Não posso acabar este artigo sem fazer dois agradecimentos:

Um, ao grupo de atrevidos e corajosos que, embebidos de sentido voluntário, iniciaram o projecto jornalístico “O Cidadão”, regido pela liberdade de expressão e sem quaisquer amarras de subsidiodependência, tendência política, religiosa, económica ou outra;

Dois, a todos os que com estes participam e os que ainda virão contribuir com o seu tempo, partilhar o seu conhecimento, as suas ideias e suas opiniões, muitas vezes correndo o risco de serem mal interpretados.

Acredito no direito à Liberdade, no direito a pensar e expressar livremente a nossa opinião, podendo ter, como ferramenta, a escrita. A Liberdade obriga à responsabilidade e uma obrigação, que desde logo se impõe, é a obrigação de cada um ao respeito por todos, porque Todas as opiniões contam, ainda que discordantes da nossa.
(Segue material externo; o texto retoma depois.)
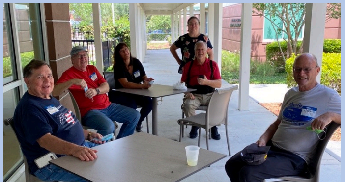
Tired, but not vanquished!

Permitam-me citar Agostinho da Silva, do seu livro Quadras Inéditas, sobre algo que creio poder sempre ser a luz guia para esse caminho que se apresenta:

            “Eu não quero ter poder
             mas apenas liberdade
             de falar aos do poder
             do que entenda ser verdade


O autor não escreve de acordo com o novo acordo ortográfico.